This ball was not too formal; one did not need a long gown or tuxedos. A nice dress would do. I went with Zsuzska and Laci and had a most miserable time there. Zsuzska and Laci were wrapped into each other, my existence forgotten. Norbie wasn’t there. I knew no-one and hardly danced. I kind of hid myself behind one of the pillars of the Hall and was ready to cry. I did not want to go back to my high school for the third year; for I wanted to go to acting school and I started to take steps to achieve that. I felt all mixed up about my future, didn’t know what I should do, but I knew that I had to say goodbye to Norbie. He was not for me, he never was. The whole thing was my school-girlish infatuation. Some of us dream of movie stars and some of shy, silent boys on streetcars.
Well, goodbye. I am 16 now; it’s time to learn to kiss real boys. It was 1954, the month was May, my birth month. I wasn’t working yet for the summer, but I started looking for a part time job. In the mean time I was feeling wretched, frustrated with my life and I was missing Norbie. Attending acting school presented problems, I had to decide whether to continue with high school and bookkeeping studies, or else attend acting school outside of Budapest, somewhere in the North Country, for that was the only availability open for me at the time.
One Saturday afternoon I went over to Zsuzska`s place, hoping to find her home. I did. She likewise was doing nothing. I suggested, “Let’s go streetcar riding.”
“Which way?” Zsuzska asked as we were waiting for our transport to arrive. “Do you want to go into the city?”

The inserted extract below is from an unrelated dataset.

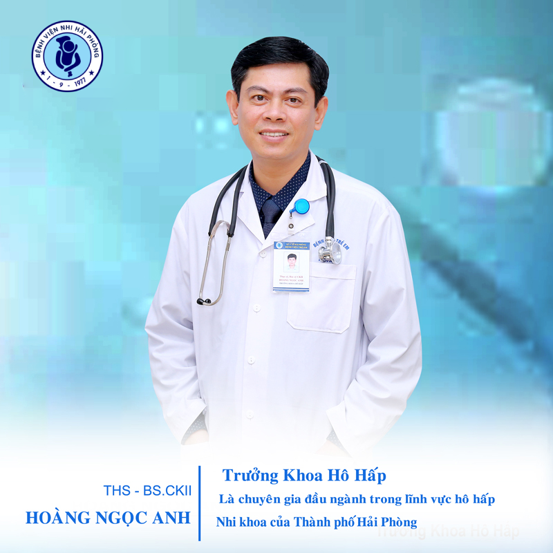 BSCKII.ThS.Hoàng Ngọc Anh là Bác sĩ chính hạng II, chuyên gia hàng đầu trong lĩnh vực Nhi hô hấp của thành phố, đã từng được Cơ quan giao nhiều nhiệm vụ quan trọng như: Trưởng khoa Khám bệnh, Trưởng phòng Kế hoạch tổng hợp kiêm Phụ trách khoa Hô hấp...và hiện đang giữ chức vụ Trưởng khoa Hô hấp Bệnh viện Nhi Hải Phòng.

“Let’s go the other way. Out to the suburbs. Norbie must live somewhere there. Let’s do our usual line, just go the other way, outward.”
“Idiot.” Zsuzska said, but we boarded as the streetcar arrived. We travelled through several stops. I was soaking up the scenery around me. The houses were getting smaller, surrounded by gardens and dotted by some small shops. I allowed myself to take pleasure in the knowledge that Norbie must have been boarding the streetcar somewhere around here, for we were almost at the end of the line.

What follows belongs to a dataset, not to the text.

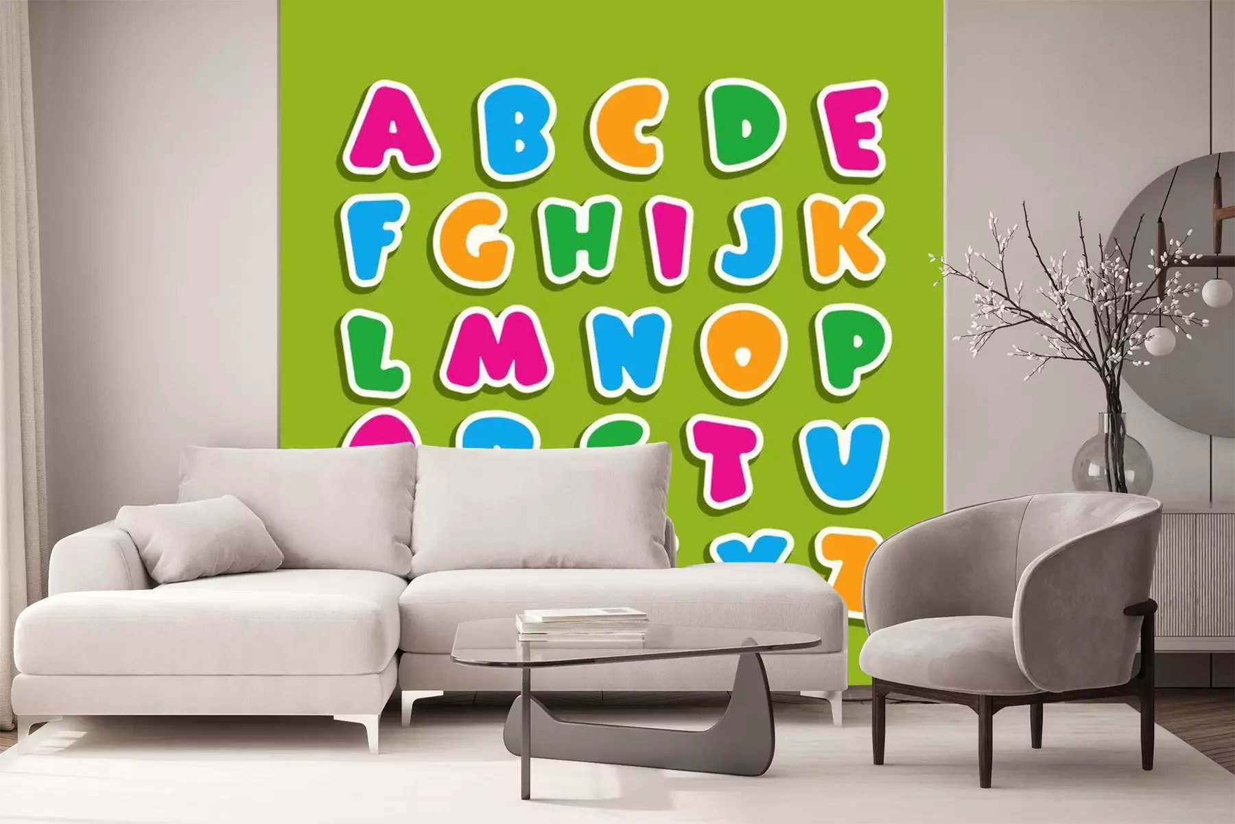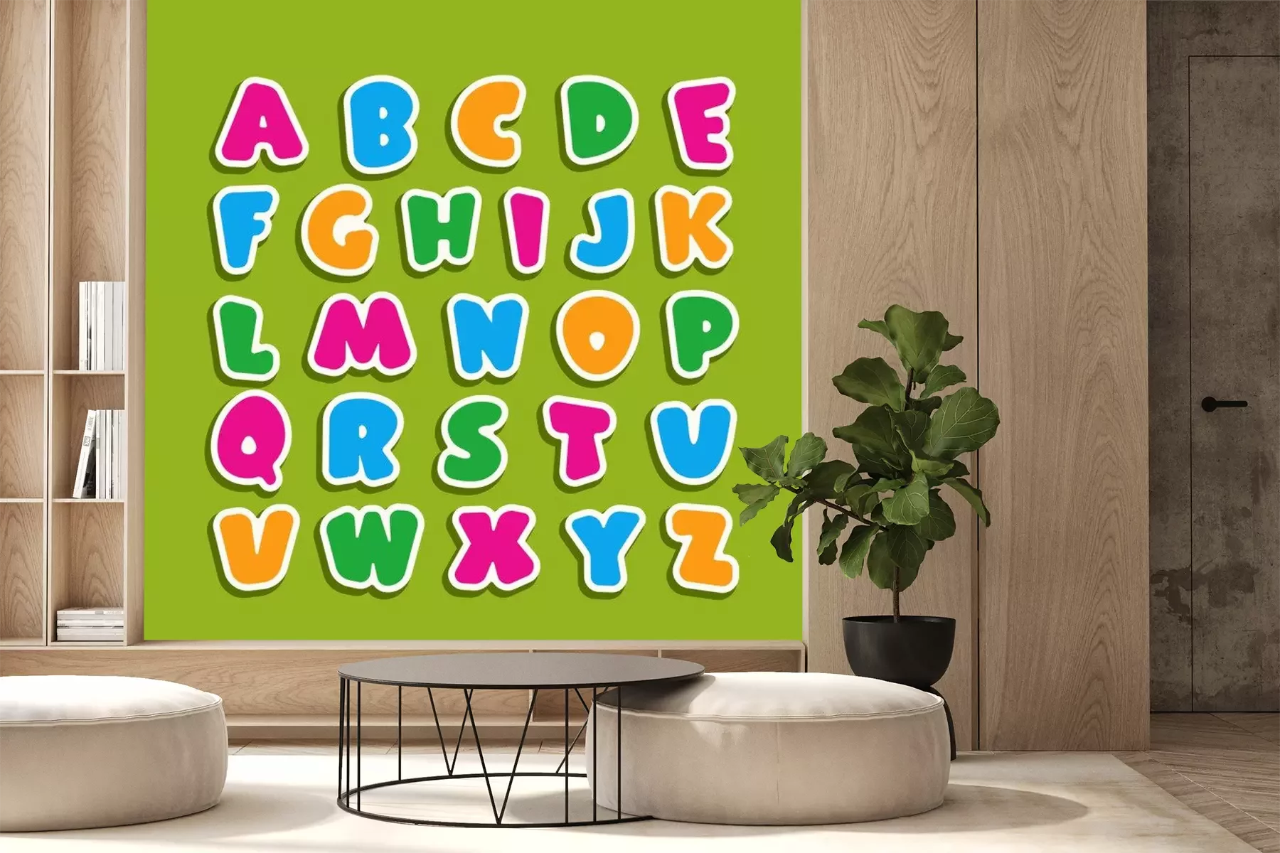 Sticker Alphabet für Kinder auf grünem Hintergrund

Suddenly I agreed with Zsuzska’s endearment for me. “Idiot,” I said to myself. Once and for all I had to forget this nonsense. No more thinking of Norbie, I decided. “Let’s get off here and walk a little,” I suggested to my friend when the streetcar came to the next stop. She agreed and we got off and started walking back, toward home, on the almost deserted, quiet sidewalk. “I may never see Norbie again” I thought, feeling sad again for a moment, but at the same time understanding that my infatuation with this stranger must come to the end now. Then we were just walking by a shop and I fleetingly glanced inside of it through the wide open entrance door. It was a men’s clothing store, and there, standing by the counter, was Norbie. Suddenly he turned his head toward the street and we saw each other.
“Zsuzska, oh my god, Zsuzska, guess what? It’s Norbie! Oh my god, don’t look, but yes, look, is he coming out?” Somehow I kept on walking.
“It’s Norbie. He is in that clothing store we just passed. He must have bought something in there, I think. I saw him just now as we were passing front of the store. He must live somewhere close by.”
Zsuzska looked incredulous. She stopped and looked behind her. “He is walking after us,” she stated very calmly
“Oh, Zsuzska, I whispered now. Let’s walk slowly.” I had butterflies in my stomach and in my head and everywhere else that was me. And we walked, slowly, in a very-very ladylike way, my previous resolve about Norbie all forgotten.
He caught up with us. “Good afternoon, young ladies. Surprised to see you here, on my domain. You’re far from your homes.” He was smiling at us, a lovely smile, with many- many nice white teeth..
Zsuzska was the one to answer for I was still thunderstruck. “We came streetcar riding with our passes. We do that often. Today we rode out here, then Maria thought we should walk back home, so we got off the streetcar and here we are.”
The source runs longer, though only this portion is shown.